ASSIGNMENT
From the listing below, reproduce exactly the lines starting with the one with "Атомные радиусы элементов" and going on through the one with "Featuring a wrap", both ends kept. No picture is copied.

DATA IN THIS EXERCISE
- - - - - - -

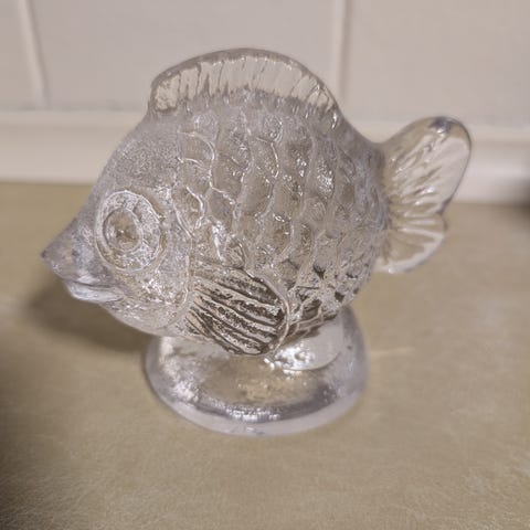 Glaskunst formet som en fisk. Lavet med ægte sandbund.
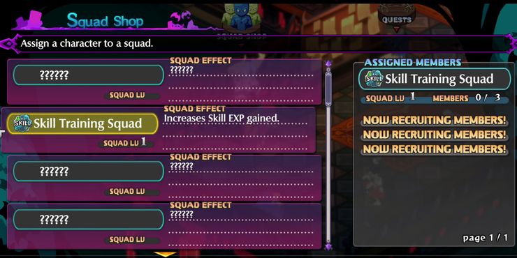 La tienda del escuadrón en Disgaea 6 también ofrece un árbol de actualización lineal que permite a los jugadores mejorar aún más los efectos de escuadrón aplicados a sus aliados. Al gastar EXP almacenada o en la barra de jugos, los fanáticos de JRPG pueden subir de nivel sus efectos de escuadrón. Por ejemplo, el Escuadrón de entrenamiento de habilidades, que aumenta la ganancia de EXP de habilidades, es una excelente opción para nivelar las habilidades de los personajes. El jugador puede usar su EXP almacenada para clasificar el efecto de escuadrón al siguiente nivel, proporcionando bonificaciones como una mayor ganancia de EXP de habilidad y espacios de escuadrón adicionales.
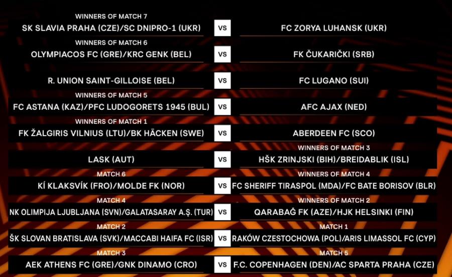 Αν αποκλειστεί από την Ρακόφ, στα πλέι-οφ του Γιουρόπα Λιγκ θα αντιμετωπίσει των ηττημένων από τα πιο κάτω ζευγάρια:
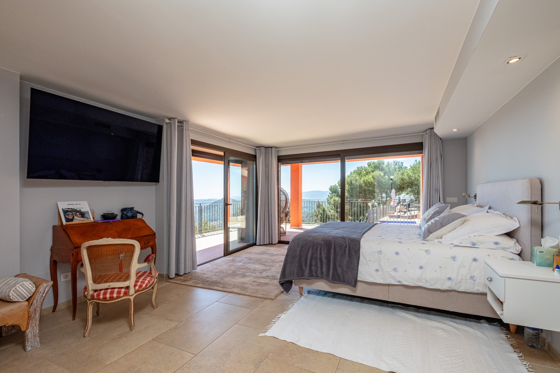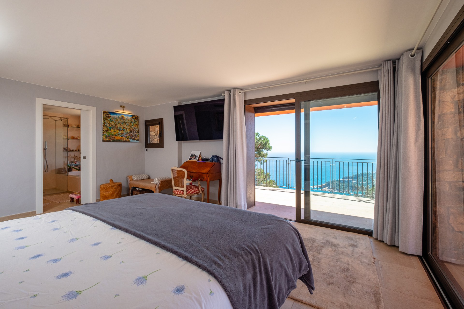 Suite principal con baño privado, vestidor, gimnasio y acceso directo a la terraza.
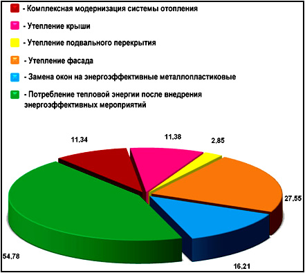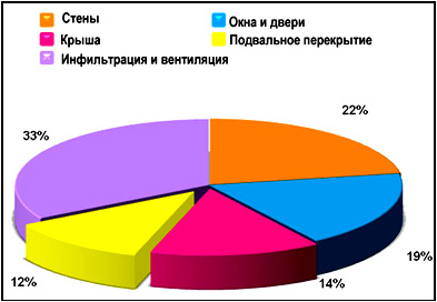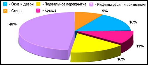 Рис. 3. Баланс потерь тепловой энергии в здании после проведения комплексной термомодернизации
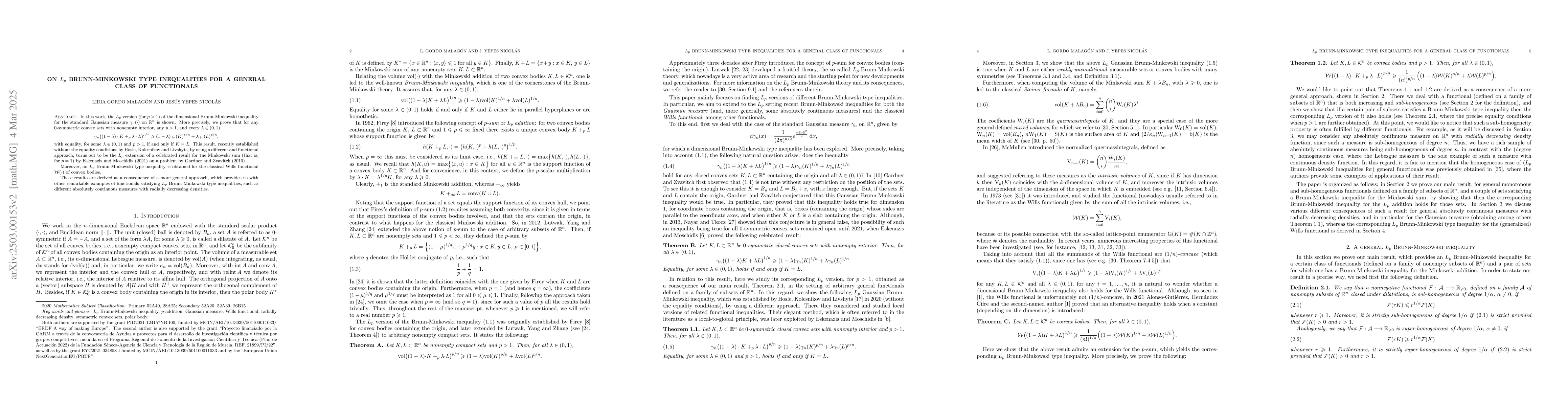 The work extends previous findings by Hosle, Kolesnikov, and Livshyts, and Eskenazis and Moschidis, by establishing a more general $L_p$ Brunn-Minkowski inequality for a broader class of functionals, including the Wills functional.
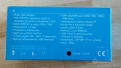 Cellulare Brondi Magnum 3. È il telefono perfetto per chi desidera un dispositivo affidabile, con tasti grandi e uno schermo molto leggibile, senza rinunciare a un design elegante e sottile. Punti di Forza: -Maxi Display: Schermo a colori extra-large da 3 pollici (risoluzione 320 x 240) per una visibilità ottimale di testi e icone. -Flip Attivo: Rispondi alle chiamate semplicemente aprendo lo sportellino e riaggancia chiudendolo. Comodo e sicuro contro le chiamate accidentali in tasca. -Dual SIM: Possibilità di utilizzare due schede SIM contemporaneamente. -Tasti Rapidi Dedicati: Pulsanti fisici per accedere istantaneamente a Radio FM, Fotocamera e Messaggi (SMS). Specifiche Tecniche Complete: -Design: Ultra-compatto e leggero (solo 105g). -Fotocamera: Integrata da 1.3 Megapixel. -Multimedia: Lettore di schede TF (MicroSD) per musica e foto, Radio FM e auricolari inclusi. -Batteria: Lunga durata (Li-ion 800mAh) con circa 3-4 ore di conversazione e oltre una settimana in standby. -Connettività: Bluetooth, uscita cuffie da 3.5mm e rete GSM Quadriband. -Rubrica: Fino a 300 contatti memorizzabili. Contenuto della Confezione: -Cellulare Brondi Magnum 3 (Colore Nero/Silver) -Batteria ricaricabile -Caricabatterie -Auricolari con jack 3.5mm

- - - - - - -

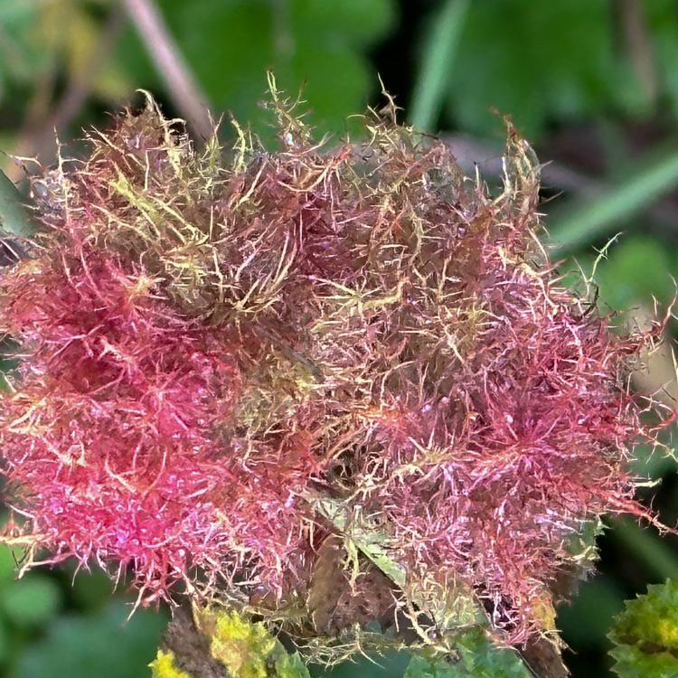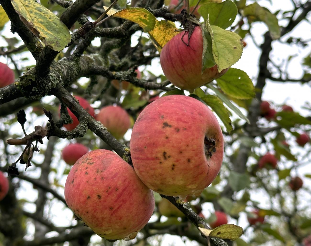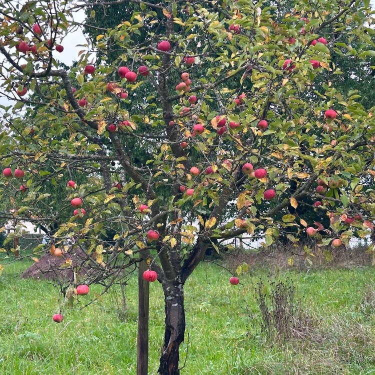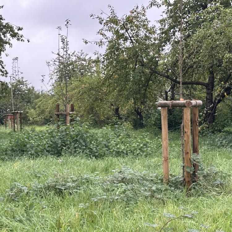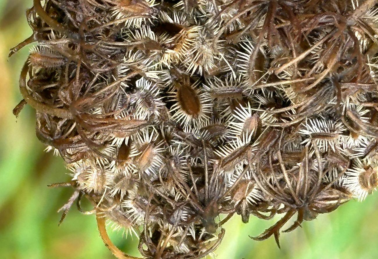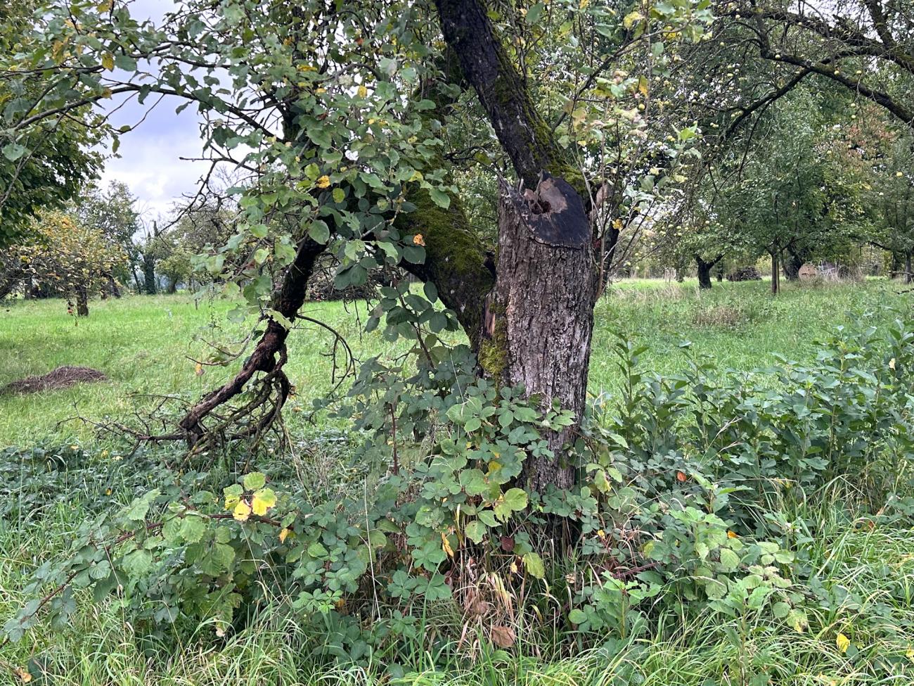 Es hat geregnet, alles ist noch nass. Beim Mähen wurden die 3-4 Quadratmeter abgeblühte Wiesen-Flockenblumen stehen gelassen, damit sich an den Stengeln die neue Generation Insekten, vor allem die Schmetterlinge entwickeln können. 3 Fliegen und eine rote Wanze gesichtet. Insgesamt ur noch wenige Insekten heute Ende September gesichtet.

- - - - - - -

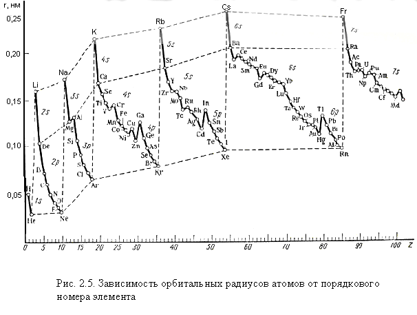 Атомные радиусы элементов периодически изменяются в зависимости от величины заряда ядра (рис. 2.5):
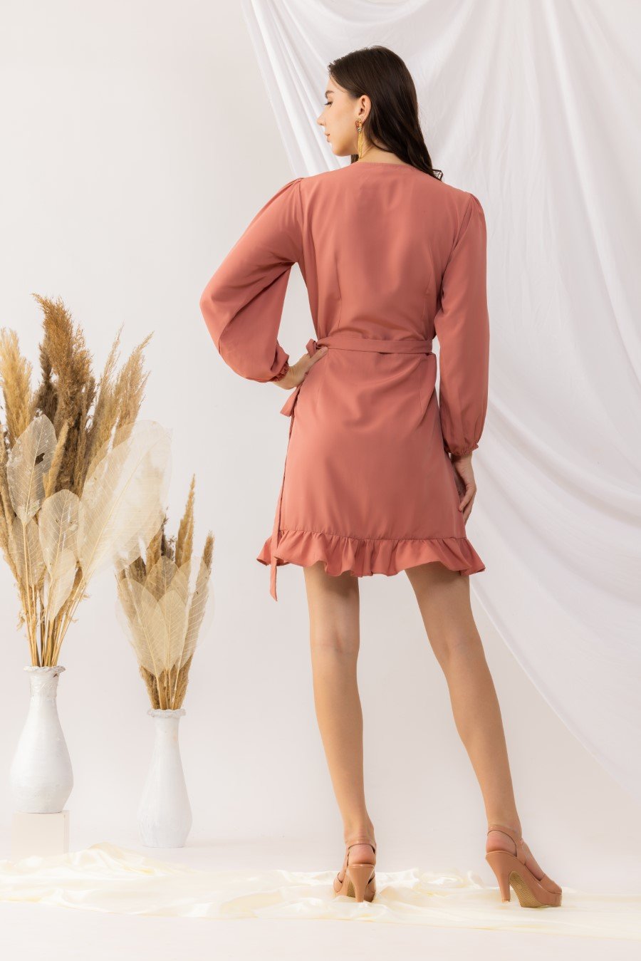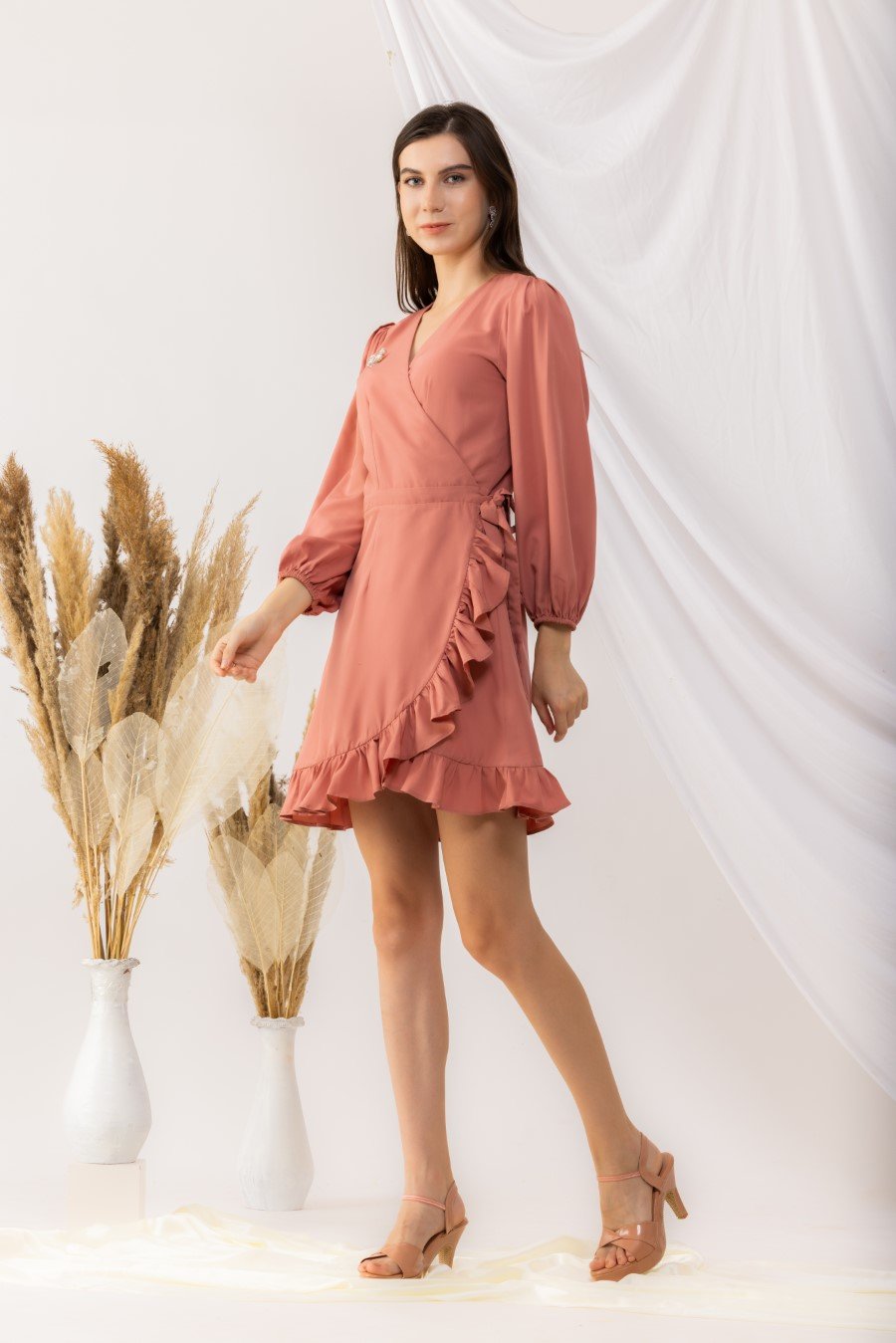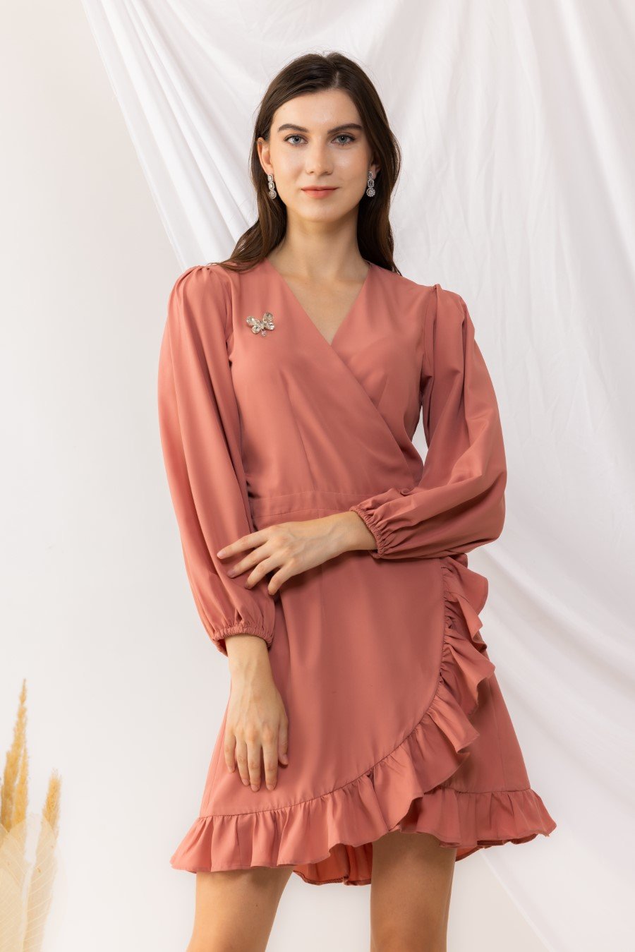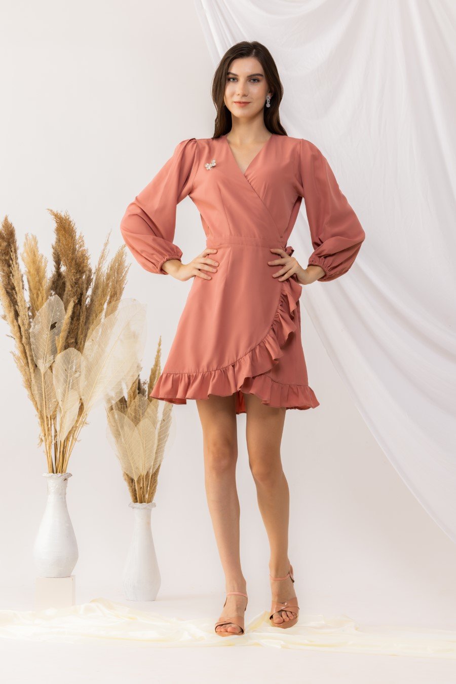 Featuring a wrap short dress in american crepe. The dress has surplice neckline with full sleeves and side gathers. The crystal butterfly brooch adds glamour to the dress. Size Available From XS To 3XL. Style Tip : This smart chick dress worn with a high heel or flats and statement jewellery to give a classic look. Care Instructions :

- - - - - - -

RESPONSE TO THIS EXERCISE
 Атомные радиусы элементов периодически изменяются в зависимости от величины заряда ядра (рис. 2.5):
 Featuring a wrap short dress in american crepe. The dress has surplice neckline with full sleeves and side gathers. The crystal butterfly brooch adds glamour to the dress. Size Available From XS To 3XL. Style Tip : This smart chick dress worn with a high heel or flats and statement jewellery to give a classic look. Care Instructions :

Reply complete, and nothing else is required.